A atividade de manutenção do ninho, assim como a atividade de forrageio,
ocorreu tanto durante a fase clara quanto durante a fase escura. Nos meses em que a
atividade de manutenção foi baixa, não houve diferença entre as fases do dia quanto ao
número de operárias envolvidas nessa tarefa (Nov: z = -1,7 p = 0,083; Fev: z = -1,5 p =
0,134; Ago: z = -0,8 p = 0,405). Mas em maio, início da estação chuvosa, quando a
manutenção foi mais intensa, ela se mostrou predominantemente diurna (Mai: z = -2,3 p
= 0,023).

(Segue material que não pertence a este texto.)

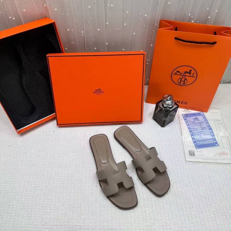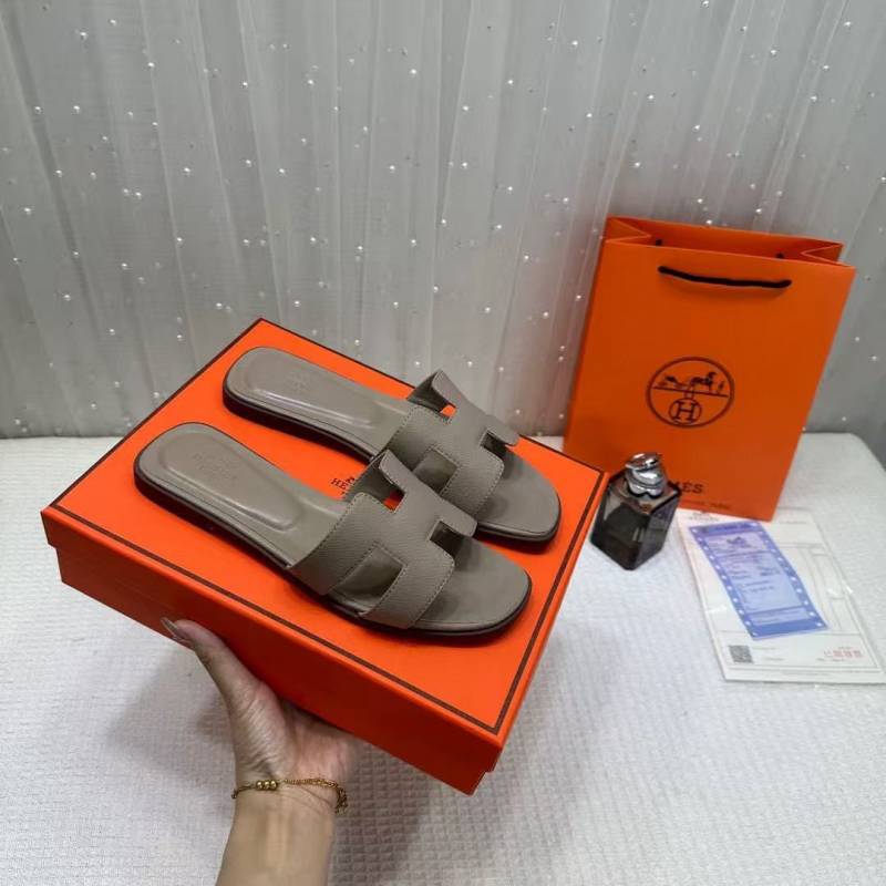Hermes Paris Oran Flats For Her With OG Box & Carry Bag Taupe Brown Slide H38

O padrão diário da atividade de manutenção foi relacionado positivamente
com o de forrageio em todos os meses, com exceção de fevereiro, final da estação seca
(Nov: rs = 0,13 p = 0,024; Fev: rs = 0,03 p = 0,657, Mai: rs = 0,39 p < 0,001; Ago: rs =
0,13 p = 0,023).
Quanto aos fatores ambientais influentes sobre o ritmo diário de atividade de D.
quadriceps, o padrão diário da atividade de forrageio das colônias foi relacionado
positivamente com a luminosidade nos quatro meses de observação (Nov: rs = 0,39 p <
0,001; Fev: rs = 0,26 p < 0,001, Mai: rs = 0,19 p = 0,001; Ago: rs = 0,52 p < 0,001), com
a temperatura em novembro, maio e agosto (Nov: rs = 0,15 p = 0,012; Mai: rs = 0,17 p =
0,004; Ago: rs = 0,19 p = 0,001) e teve uma fraca correlação negativa com umidade
apenas em novembro (Nov: rs = -0,12 p = 0,048) (Fig. 7).

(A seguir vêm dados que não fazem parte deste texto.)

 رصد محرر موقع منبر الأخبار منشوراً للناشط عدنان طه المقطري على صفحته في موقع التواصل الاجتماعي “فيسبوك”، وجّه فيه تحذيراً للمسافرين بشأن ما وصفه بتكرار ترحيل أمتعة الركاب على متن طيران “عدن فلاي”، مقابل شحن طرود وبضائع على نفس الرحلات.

O retorno com alimento foi correlacionado positivamente com a luminosidade
em todos os meses (Nov: rs = 0,25 p < 0,001; Fev: rs = 0,24 p < 0,001, Mai: rs = 0,13 p =
30
0,032; Ago: rs = 0,46 p < 0,001), com a temperatura apenas em agosto (Ago: rs = 0,16 p
= 0,008) e teve uma fraca correlação positiva com a umidade apenas em fevereiro (Fev:
rs = 0,12 p = 0,048). O padrão diário da atividade de manutenção não apresentou
correlação com nenhuma das variáveis ambientais analisadas em nenhum dos meses de
observação (p > 0,05).
Fig. 7 Variação diária de luminosidade, temperatura e umidade nos quatro meses de observação. As linhas contínuas representam variáveis que tiveram correlação significativa com a atividade
de forrageio de D. quadriceps. As linhas pontilhadas representam variáveis que não foram
relacionadas à atividade de forrageio das formigas
31
DISCUSSÃO
A ocorrência de variação sazonal das atividades de forrageio e manutenção do
ninho nas colônias de D. quadriceps num ambiente de mata atlântica mostra que esta
espécie é capaz de responder a pequenas flutuações nas condições ambientais. A mata
atlântica é um dos biomas brasileiros, junto com a floresta amazônica, que apresentam
as menores variações sazonais na vegetação, quando comparados ao cerrado e à
caatinga (Formigoni et al. 2011). Odontomachus chelifer, outra espécie de formiga da
subfamília Ponerinae, também apresenta variação sazonal da atividade de forrageio em
ambiente de mata atlântica no sudeste do Brasil (Raimundo et al. 2009).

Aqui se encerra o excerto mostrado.